Das Spitzmaulnashorn ist die kleinere der beiden afrikanischen Nashornarten.
Es erreicht eine Kopf-Rumpf-Länge von bis zu 350 cm – hinzu kommt noch ein bis zu 70 cm langer Schwanz. Die Schulterhöhe beträgt um die 160 cm. Das Gewicht variiert zwischen den Geschlechtern: Kühe werden in der Regel bis zu 900 kg schwer, während Bullen bis zu 1,4 t wiegen können. Damit ist es die kleinere der beiden afrikanischen Nashornarten. Allgemein haben sie einen robusten Körperbau mit kräftigen, kurzen Beinen. Diese enden wie bei allen heutigen Nashörnern in drei Zehen, wobei die Vorderfüße deutlich größer als die Hinterfüße sind. Die Rückenlinie weist ein leichtes Hohlkreuz auf. Markantestes Kennzeichen des Spitzmaulnashornes sind seine beiden Hörner, von denen das vordere größere auf der Nase (Nashorn) und das hintere kleinere auf der Stirn (Frontalhorn) sitzt.

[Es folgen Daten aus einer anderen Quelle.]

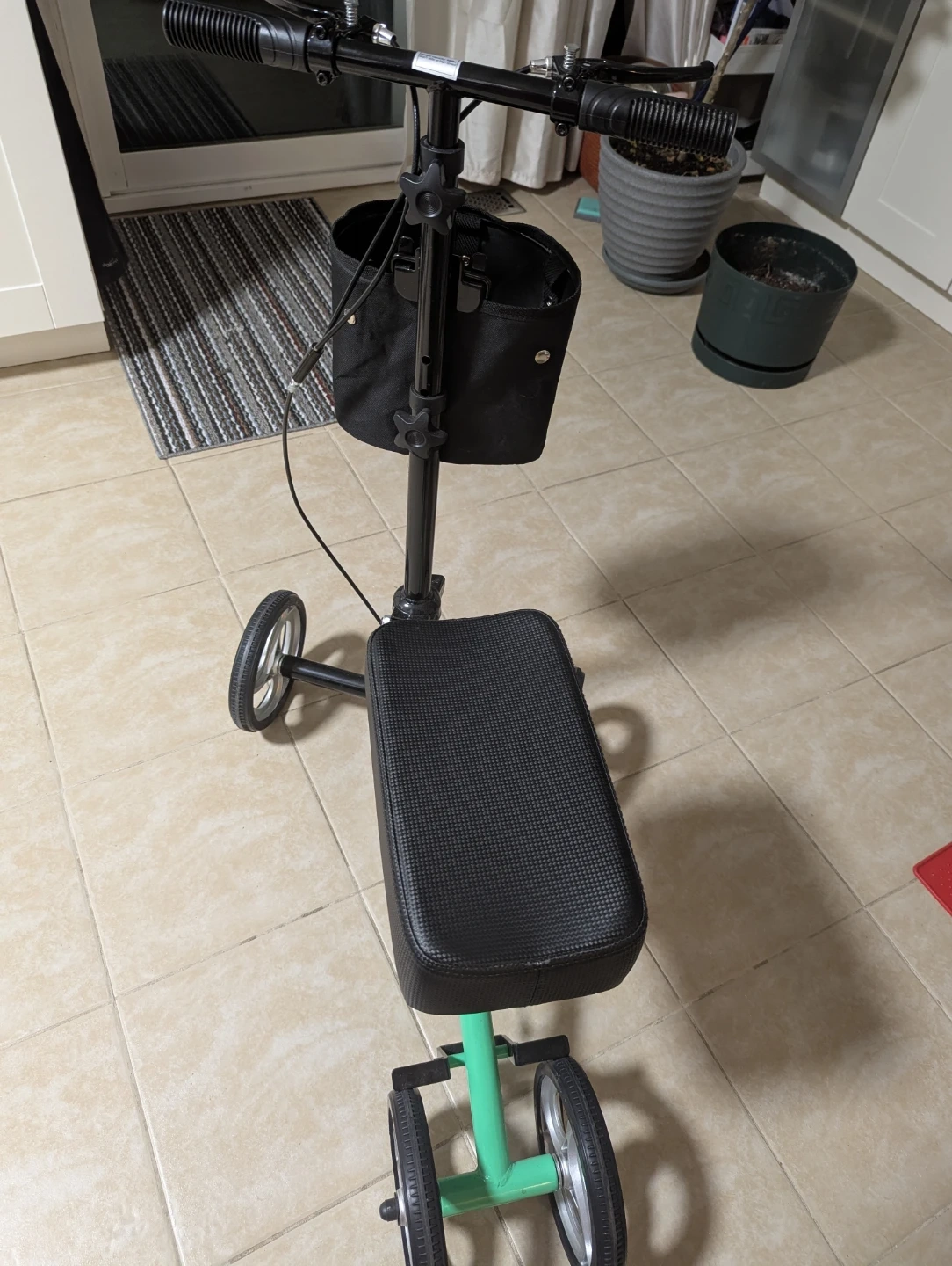 This is an ElengerG knee scooter in green. It comes with a black storage basket attached to the handle. It's designed for mobility assistance. Great for temporary leg injuries!

Die Farbe der Haut des Spitzmaulnashorns ist überwiegend grau, kann aber auch einen gelblich-braunen bis dunkelbraunen Farbton annehmen, je nach Intensität der Sonneneinstrahlung. Dabei ist die Haut im Bereich des Bauches etwas heller gefärbt. Die Haut weist keine Falten auf mit Ausnahme am Ellenbogen und Knie sowie am Nacken hinter den Ohren. An den Körperseiten bilden sich teils rippenähnliche Falten.
Des Weiteren ist das Spitzmaulnashorn fast vollständig unbehaart, nur an den Ohren, den oberen und unteren Augenlidern und an der Schwanzspitze befinden sich Haaransätze. Ein deutliches Unterscheidungsmerkmal zum Breitmaulnashorn, der nächstverwandten Art, ist die namensgebende fingerförmige spitze Oberlippe, mit der das Spitzmaulnashorn Blätter und Zweige von Büschen zupft.
Einst war das Spitzmaulnashorn über weite Teile des afrikanischen Kontinents südlich der Sahara verbreitet; es war damit immer viel weiter verbreitet als das Breitmaulnashorn. Das Spitzmaulnashorn lebt überwiegend in Regionen, in denen eine hohe Anzahl an Gehölzpflanzen oder krautiger Vegetation vorkommt. Dadurch schließt sein Lebensraum nicht nur offene Wälder, Waldlandschaften oder Savannen ein, sondern auch Halbwüstenkräuter oder subalpine Heidelandschaften. Die Besiedlungsdichte ist dabei abhängig vom Angebot an Nahrung. Sie kann in Gebieten mit reicher Vegetation und einem hohen Nahrungsangebot bei einem Tier je Quadratkilometer liegen, während in Halbwüsten wie Kunene in Namibia nur ein Tier auf 100 Quadratkilometer kommt.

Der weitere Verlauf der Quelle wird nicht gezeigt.